Robust start indicates a promising 2021
He Weiwen


Editor's note: He Weiwen is a senior fellow at the Center for China and Globalization (CCG). The article reflects the author's opinions and not necessarily the views of CGTN. 

China's GDP increased by 18.3 percent during Q1 2021 compared to a year ago. It is a remarkable performance as Q1 GDP also registered 0.6 percent growth over Q4 2020.

The 18.3 percent growth rate was based on the sharp fall of 6.8 percent during Q1,2020, caused by the outbreak of COVID-19. Compared with Q1 2019, the pre-COVID-19 corresponding period, it was 10.3 percent higher, which shows that China's economy is still on the way to full recovery.

If we take a two-year comparison, compare the Q1 2021 data to that of Q1 2019, the pre-COVID-19 period, a clear divergence among different sectors appears. The primary and secondary sectors have been back to normal growth in general. The average annual growth rates during this period were 2.3 percent and six percent respectively. In 2019, the primary sector grew by 3.1 percent and the secondary sector by 5.7 percent. The tertiary sector, on the other hand, grew by only 4.7 percent per annum over the past two years, compared to 6.9 percent growth in 2019. 

The main drivers

The upturn in China's economy during Q1 2021 was largely driven by high-tech industrial production and exports. Industrial added value increased by 24.5 percent year on year and by 6.8 percent per annum over the past two years. It was a full percentage point higher than the growth rate for the whole year of 2019 when it grew by 5.7 percent. The strong growth engine behind the accelerated industrial growth was the high-tech industries. The new energy vehicles (NEV), industrial robots, microcomputer and integrated circuits (IC) all grew by over 60 percent year on year and over 19 percent per annum over the past two years.

Another major driver was import and export of goods. It performed even better than industrial production. Total import and export volume reached 8.469 trillion yuan, 29.2 percent higher than a year ago. The export performed better than import. During Q1 2021, export grew by 38.7 percent and import by 19.3 percent. Faster export growth resulted in a sharp rise of trade surplus to 759.3 billion yuan, more than seven times larger than a year ago. Therefore, net export contributed significantly to overall GDP growth during Q1 2021.

Tourists shop at a duty-free shopping mall in Sanya City, south China's Hainan Province, October 5, 2020. /Xinhua

Tourists shop at a duty-free shopping mall in Sanya City, south China's Hainan Province, October 5, 2020. /Xinhua

The tertiary sector has not fully recovered by Q1 2021. Retail sales, though shot up 33.9 percent over the doldrum in Q1 2020, managed only 4.2 percent annual growth over the past two years. While the disposable income grew by seven percent per annum on average over the past two years, their consumer spending grew by only 3.9 percent.

Fast growth expected for whole year

Based on the latest indicators, we have all the confidence that the tertiary sector growth will gain momentum for the rest of the year. The index for business activity in China's services sector stood at 55.2 percent in March, 4.4 percentage points higher than in February. Accommodation and catering, leasing have seen their activities back to boom area. Rail and air transportation, financial and internet services, too, have their business activities indices above 60 percent. With the fast expansion of industry production, the industry-related services will grow stronger. It looks most likely that the tertiary sector will have a higher growth rate during Q2, most likely at 5.0-5.5 percent, to be further accelerated during the second half of 2021. As the tertiary sector accounts for over half of total GDP, its acceleration will become a new, decisive driver for the whole economy.
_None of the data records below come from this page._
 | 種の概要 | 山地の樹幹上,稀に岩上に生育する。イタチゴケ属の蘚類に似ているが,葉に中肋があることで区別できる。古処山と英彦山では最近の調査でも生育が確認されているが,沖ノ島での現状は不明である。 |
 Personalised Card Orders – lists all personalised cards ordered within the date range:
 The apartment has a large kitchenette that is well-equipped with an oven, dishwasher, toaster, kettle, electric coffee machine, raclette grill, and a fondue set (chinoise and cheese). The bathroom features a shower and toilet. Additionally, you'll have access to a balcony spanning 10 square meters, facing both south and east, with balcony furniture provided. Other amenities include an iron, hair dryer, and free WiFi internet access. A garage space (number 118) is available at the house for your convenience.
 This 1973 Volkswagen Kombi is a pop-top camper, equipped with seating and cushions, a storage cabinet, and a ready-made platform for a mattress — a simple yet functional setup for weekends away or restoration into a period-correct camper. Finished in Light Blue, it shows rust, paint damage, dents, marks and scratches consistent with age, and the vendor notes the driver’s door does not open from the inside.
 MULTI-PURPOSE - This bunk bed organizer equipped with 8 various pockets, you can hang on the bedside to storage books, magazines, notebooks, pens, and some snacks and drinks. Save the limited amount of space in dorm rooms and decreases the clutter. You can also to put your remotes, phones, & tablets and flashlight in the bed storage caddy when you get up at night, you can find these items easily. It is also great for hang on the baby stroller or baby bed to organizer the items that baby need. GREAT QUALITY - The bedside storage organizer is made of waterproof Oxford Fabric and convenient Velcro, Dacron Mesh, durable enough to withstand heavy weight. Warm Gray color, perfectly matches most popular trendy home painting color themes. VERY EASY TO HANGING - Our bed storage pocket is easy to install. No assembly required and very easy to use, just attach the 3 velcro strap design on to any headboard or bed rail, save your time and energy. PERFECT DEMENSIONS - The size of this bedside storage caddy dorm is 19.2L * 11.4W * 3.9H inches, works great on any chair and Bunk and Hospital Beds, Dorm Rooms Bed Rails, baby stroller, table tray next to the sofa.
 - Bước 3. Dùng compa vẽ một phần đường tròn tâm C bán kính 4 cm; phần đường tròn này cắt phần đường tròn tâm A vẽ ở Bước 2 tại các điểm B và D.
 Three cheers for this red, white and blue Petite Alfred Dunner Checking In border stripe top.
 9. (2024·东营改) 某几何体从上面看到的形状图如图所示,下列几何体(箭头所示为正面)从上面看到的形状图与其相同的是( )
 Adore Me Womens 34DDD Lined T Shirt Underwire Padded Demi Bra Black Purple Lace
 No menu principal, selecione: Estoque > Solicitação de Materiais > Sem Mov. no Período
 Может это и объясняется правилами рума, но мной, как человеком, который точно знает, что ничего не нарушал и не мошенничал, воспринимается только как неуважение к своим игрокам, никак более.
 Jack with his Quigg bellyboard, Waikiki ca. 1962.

While the industrial production is set to maintain fast growth for the rest of the year, with high-tech industries possibly growing even faster, the exceptionally fast growth of trade will decelerate somewhat, as the economies in other parts of the world, especially in the U.S., Europe and the rest of Asia, demand for Chinese goods will tend to level off.

On balance, the Chinese economy will remain on the fast growth track. The year-on-year growth rates for Q2, Q3 and Q4 will fall with each quarter, due to the much higher base in the corresponding period of 2020. For the whole year of 2021, it is most likely that China will see its GDP growth at around nine percent.

A continuous leading contributor to world economic growth

The world economy is presenting a dramatically different scenario in 2021, compared to that in 2020. The whole world was hit severely by the worst economic recession since the Great Depression in the 1930s and saw its GDP off 3.3 percent. China was the only leading economy that managed a GDP growth and served as the only bright beacon in the world economic darkness. Since the start of 2021, however, firm recovery appeared in different parts of the world. The latest IMF World Economic Outlook released on April 6 estimates the world GDP to grow by six percent, with the U.S. to grow by 6.4 percent and India even by 12.5 percent. China will no longer serve as the only growing leading economy, nor the fastest growing economy. However, if we calculate the accumulative growth and average annual growth rate for the two years (2020 and 2021), China is still an apparent leader.